These terms and conditions shall apply to the sponsorship by the Sponsor (as outlined in the sponsorship order form) of the Event arranged by 31 Media Limited (company number 06127830) whose registered office is at: 41-42 Daisy Business Park, 19-35 Sylvan Grove, London, SE15 1PD (‘the Event Owner’)
1.1 In the context of this Agreement, the words and phrases below shall have the following meanings:
– ‘Event’ the seminar referred to in the sponsorship order form
– ‘Event Format’ the timing, structure and format of the Event as set out in the event brochure
– ‘Exclusive’ no licence or right granted to the Sponsor herein and described as Exclusive shall be granted by the Event Owner to any other person in the UK in relation to the Event save as may be expressly permitted in this Agreement ‘Proprietary Rights’ all existing and future intellectual property rights attaching to the Event including without limitation copyright, registered and unregistered trademark and design rights and the accompanying goodwill
– ‘Sponsorship Rights’ the sponsorship rights as detailed in clause 3 below
– ‘Venue’ as set out in the sponsorship marketing information
2.1 In consideration of the rights and licences granted the Sponsor shall pay to the Event Owner the agreed fee (the ‘Sponsorship Fee’) within 14 days of receipt of the order. Where the order is received within 28 days prior to the commencement of the event the total amount becomes payable immediately
2.2 Value added tax (or its equivalent) has not been included in the Sponsorship Fee and where applicable it shall be paid by the Sponsor forthwith upon the provision by the Event Owner of the appropriate value added tax invoice.
2.3 All amounts paid by the Sponsor after the due date will bear interest that will be calculated on a daily basis, at the rate of eight percent (8%) (or the highest rate permitted by law, if less) above the base rate of The Bank of England, from the date when payment was due until the date the payment is received, whether before or after judgment.

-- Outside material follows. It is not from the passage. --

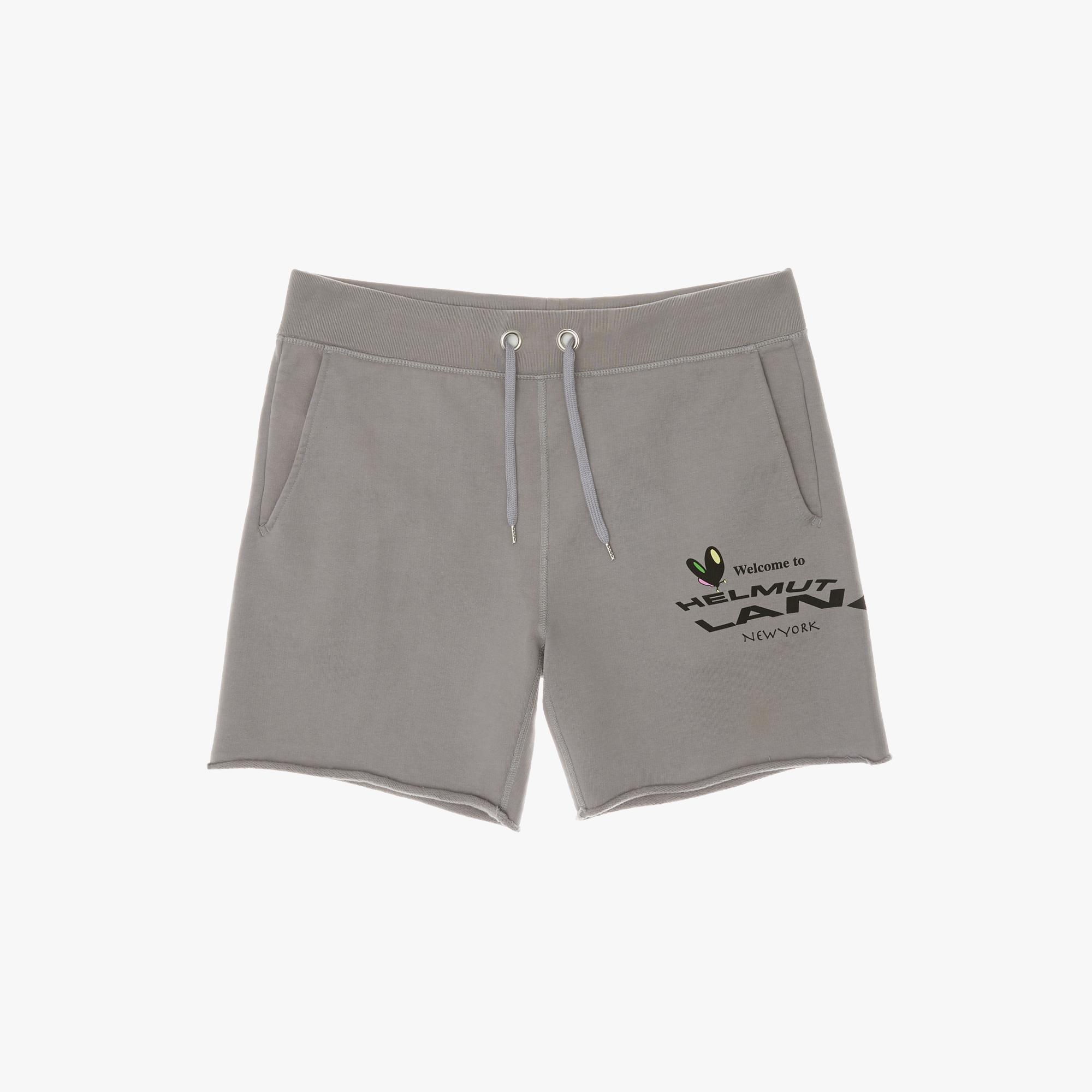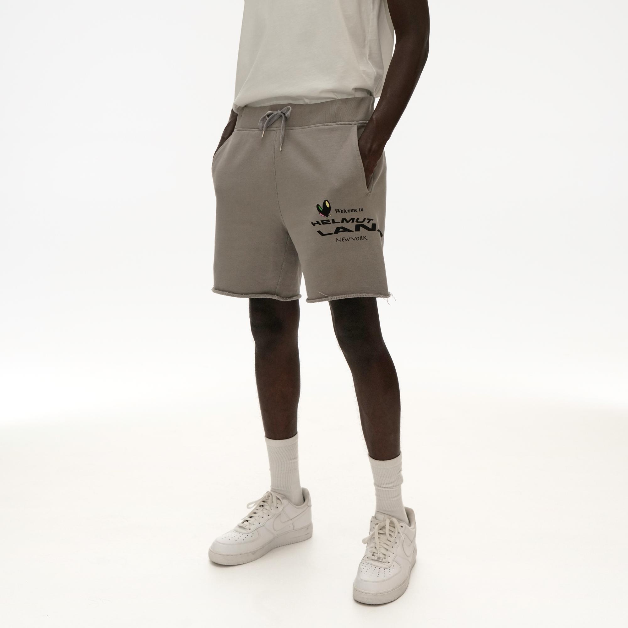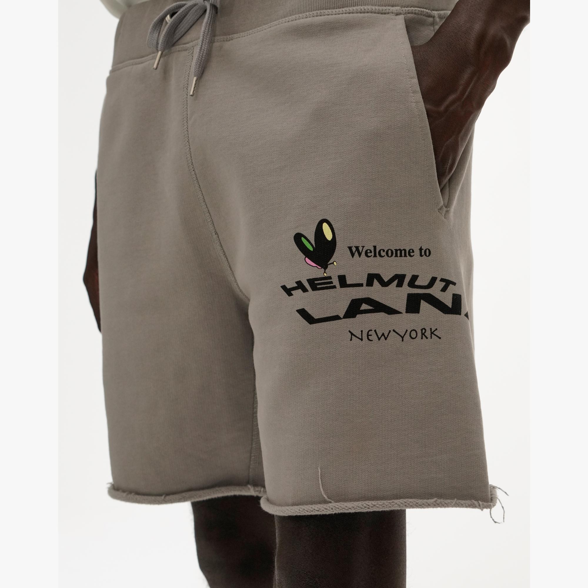 The Helmut Lang Helmut Land® Masc Map Sweatshorts feature an elastic drawstring waistband, slash pockets, and a 'Welcome to Helmut Land®' graphic printed on front
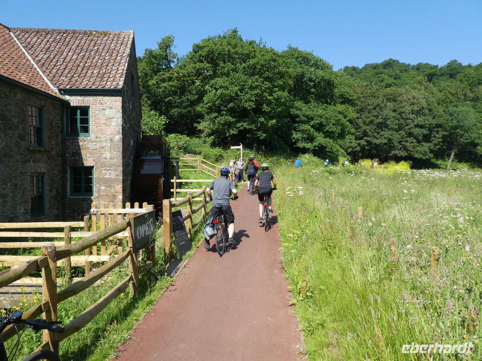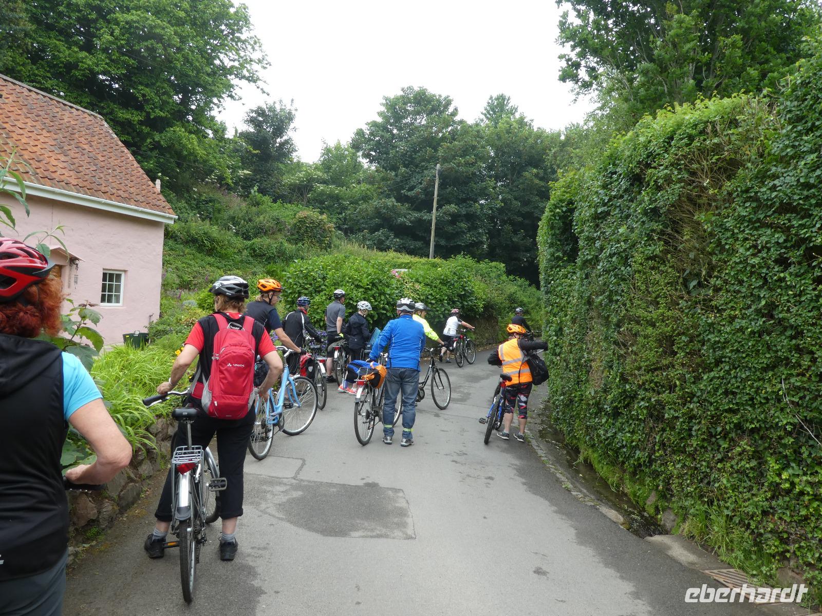 Bereits früh mussten wir wieder aus den Betten springen, denn es erwartete uns gleich nach dem Frühstück Penny, unsere Radreiseleiterin auf Jersey. Sie begrüßte und erklärte uns die Strecke für diesen Tag. Mit den Radtaschen auf den Schultern liefen wir zur Radstation, bei welcher wir die Räder erhielten. Nachdem wir die Räder eingestellt hatten, ging es auch schon durch die Stadt zur Küste. Wir fuhren von der Südküste zur Ostküste und gelangten zum Mont Orgueil Castle, welches wir besichtigten. Als nächstes ging es die Ostküste entlang zum St. Catherine´s Breakwater. Dabei fuhren wir einige Anstiege herauf und wieder herunter. Dies sollte aber noch nicht alles gewesen sein, denn es ging weiter entlang der Ostküste bergauf zur Nordküste. An der Nordküste angekommen machten wir eine Mittagspause beim Hungry Men. Gestärkt ging es noch ein kleines Stück weiter begauf und landeinwärts bevor die Abfahrt bis zum Hotel begann. Kurz vor dem Hotel mussten wir uns noch einmal ins Zeug legen um den letzten Anstieg zu bewältigen, bevor der Tag zu Ende ging.

If the Sponsor fails to pay, the Sponsor will be responsible for all expenses (including reasonable legal fees) incurred by the Event Owner in collecting the amounts due and any prior payments received will be none refundable.
In consideration for the payment by the Sponsor of the Sponsorship Fee, the Event Owner hereby grants to the Sponsor the following Sponsorship Rights where applicable and as agreed on the sponsorship order form:
3.1 The right to be designated as an Official Sponsor of the Event (or such similar designation as may be agreed between the parties) at the Event;
3.2 The right to the number of free delegate spaces at the Event as appears on the sponsorship order form
3.3 The right to nominate the Sponsor Logo;
3.4 The right to have the Sponsor Logo on all pre-event promotional material – flyers, fax shots, emails and on all show material including AV presentation;
3.5 The right to reasonable display space at the event where applicable;
3.6 The right to have information packs inserted in all delegate folders concerning the Sponsor, the content and amount of which is to be subject to approval by the Event Owner;
The Sponsor hereby warrants to the Event Owner that:
4.1 It shall not use or permit the use of or any of the rights and licences granted herein in a manner which in the reasonable opinion of the Event Owner is or might be prejudicial or defamatory to the image and/or reputation of the Event, the Event Owner or the Venue;
4.2 The Sponsor acknowledges that the Event Owner owns and/or controls the Event, and the Proprietary Rights and agrees that the Sponsor has no right, title or interest thereto save as licensed hereunder. The Sponsor warrants that it shall not seek to acquire any such right, title or interest to nor shall it use the Sponsorship Rights save as authorised in this Agreement or as otherwise agreed by the Event Owner. The Sponsor shall use its reasonable endeavours to assist the Event Owner in protecting the Proprietary Rights and shall not knowingly do or cause or permit anything to be done which may endanger the Proprietary Rights or the title thereto of the Event Owner. Without prejudice to the generality of the foregoing the Sponsor undertakes to the Event Owner:
4.2.1 to provide such information and details as may be reasonably required by the Event Owner including samples of any advertising material and any products which are to be promoted in association with the Event to the Event Owner for approval;
4.2.2 to notify the Event Owner of any suspected infringement of the Proprietary Rights, but to take no steps or action whatsoever in relation to such suspected infringement unless requested to do so by the Event Owner; and
4.2.3 to execute such further documentation and provide such assistance as may be requested by the Event Owner which may in the Event Owner’s reasonable opinion be required to record the terms of this Agreement or any understanding or obligation hereunder on any trademark or other register or otherwise howsoever which may in the Event Owner’s reasonable opinion be necessary to protect and the Proprietary Rights;
4.3 The Sponsor undertakes not to share any of the rights and licences granted herein or engage in joint promotions in relation to the Event except in each case with the prior written consent of the Event Owner;
4.4 The Sponsor shall supply at its cost finished artwork relating to its name, logos and other identification provided for herein within print deadlines reasonably set by the Event Owner;
4.5 The Sponsor warrants that it owns and/or is solely entitled to use the Sponsor Logo and other material supplied to the Event Owner in relation to this Agreement, and the Event Owner shall be entitled to see evidence to this effect on request;
4.6 The Sponsor will not make or cause to be made or issued any report or announcement to the press or media regarding the Sponsorship Rights or the Sponsor’s appointment except in the form approved by the Event Owner; and
4.7 The Sponsor agrees that it shall exercise the rights and licences granted at its sole risk and shall indemnify and hold harmless the Event Owner with respect to all claims of, and liability to, third persons for injury, death, loss, or damage of any type arising out of, or in connection with, the exercise of such rights and licences except where such injury, death, loss, or damage has resulted from the negligent act(s) or omission(s) of the Event Owner.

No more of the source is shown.